Imagine sending a postcard (HTTP). Anyone along the post route can read and change it. HTTPS is a sealed, signed envelope — the mail carrier can't open it without it being obvious.


TLS handshake (very short, hand-wavy, but useful)

  1. Client Hello: browser says "Hi, I want to talk securely. Here are the ciphers I support."
  2. Server Hello: server picks a cipher and sends its certificate (contains its public key and identity).
  3. Client verifies certificate (chain to trusted CA). If OK, client generates a symmetric key, encrypts it with the server's public key, and sends it.
  4. Both sides now share the symmetric key for fast encryption.
  5. Secure session established; proceed to HTTP over TLS (HTTPS).

Notes:

  • Modern TLS uses ephemeral keys (Perfect Forward Secrecy) so past sessions can't be decrypted if keys are leaked later.
  • Certificate Authorities (CAs) are the notaries that you trust to validate identities. Let's Encrypt automated this for the masses.

Ports, URLs, and browser behaviors

  • http:// defaults to port 80
  • https:// defaults to port 443

Browsers will often redirect http:// to https:// if the site supports HSTS (HTTP Strict Transport Security). Mixed content (HTTPS page loading HTTP resource) is blocked or warned because it’s a weak link.


Quick checklist for a secure, modern site

  • Serve pages over HTTPS only (redirect HTTP to HTTPS).
  • Obtain certificates from a trusted CA (Let’s Encrypt is free and automated).
  • Use HSTS to force browsers to use HTTPS.
  • Set secure headers: Content-Security-Policy, X-Frame-Options, Strict-Transport-Security.
  • Avoid mixed content; use relative or HTTPS URLs for assets.

When to care in CS50 Web Programming

  • When you build routes and APIs: choose methods & status codes appropriately.
  • When you handle authentication: always use HTTPS to protect credentials and tokens.
  • When you debug: read headers and raw requests in DevTools or via curl.
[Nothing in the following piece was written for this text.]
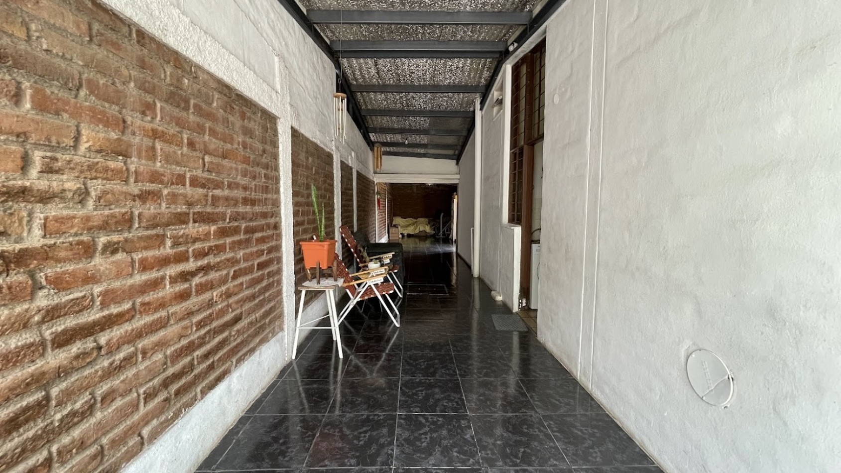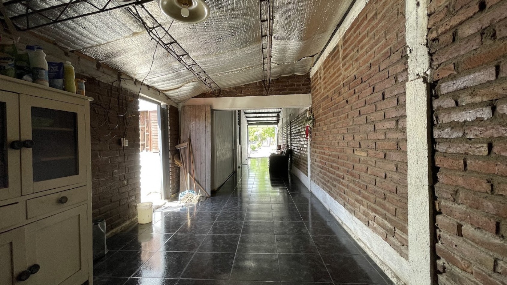 Los techos son de losas de hormigón con ladrillos huecos en la casa y chapas de zinc, estructura cochera y ampliación en el fondo.
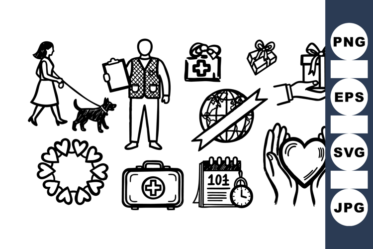 Healthcare Icon Set Dog Walking Clipart Medical Aid Clipart Calendar Date Illustration Helping Hands Vector Community Support Icons Charity Vector Bundle Volunteer Work Icons Gift Donation Graphics First Aid Kit Design

This builds directly on the client-server model and the architectural pieces you already studied — now you're watching their actual conversation and learning how to secure it.


Key takeaways

  • HTTP is the protocol for requests/responses; HTTPS is HTTP guarded by TLS.
  • Inspect requests with curl or browser DevTools to learn how headers and bodies interact.
  • HTTPS provides confidentiality, integrity, and authentication — don't skimp on it.
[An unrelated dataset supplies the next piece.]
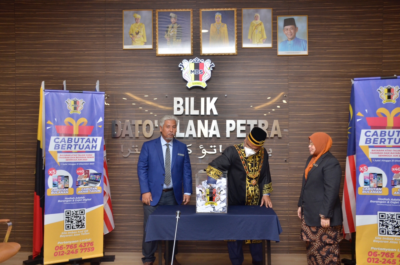 YBhg. Dato’ Masri bin Haji Razali, Datuk Bandar Majlis Bandaraya Seremban telah mempengerusikan Mesyuarat Majlis Penuh (MMP) Bil.12/2022 di Bilik Dato’ Klana Petra, Wisma MBS. Mesyuarat ini turut dihadiri oleh barisan Ahli-Ahli Majlis, Majlis Bandaraya Seremban, Tn, Mas Midyawan bin Yahya, Setiausaha Majlis Bandaraya Seremban, Ketua Jabatan, Ketua Unit dan Pembantu Ahli Majlis, Majlis Bandaraya Seremban secara bersemuka dan atas talian (online). Turut serta YB ADUN-ADUN Kawasan dan rakan-rakan media juga hadir sebagai pemerhati di dalam mesyuarat ini. Selain itu, turut berlangsung sesi cabutan bertuah bayaran atas talian cukai taksiran sehingga 30 jun 2023 bagi bulan November 2022.

Final memorable line: Think of HTTP as talking in a crowded room and HTTPS as whispering in a vault with a signed receipt. Same words, wildly different privacy.
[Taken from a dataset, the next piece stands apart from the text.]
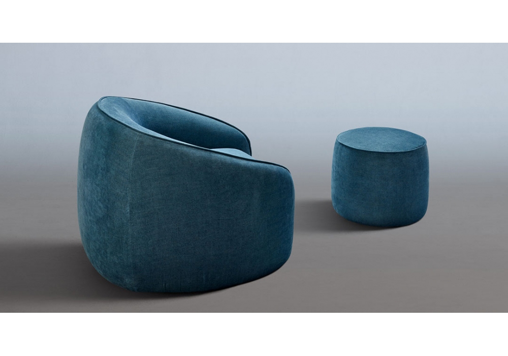 Baloo designed by Radice Orlandini for My Home Collection is an armchair made with wooden supporting structure covered in differentiated density polyurethane rubber and polyester fiber lining. The upholstery is in removable fabric and is available in different finishes.

Further practice exercises (quick)

  1. Use curl -v http://example.com/ and curl -v https://example.com/. Compare headers and observe the TLS handshake for HTTPS.
  2. Open DevTools → Network → reload a page. Inspect a request’s headers, response, and timing.
  3. Try to load an http:// resource from an https:// page and observe mixed-content behavior.

Happy sleuthing. You've moved from knowing the stage to understanding the script—next up: how to change the plot (sessions, cookies, authentication).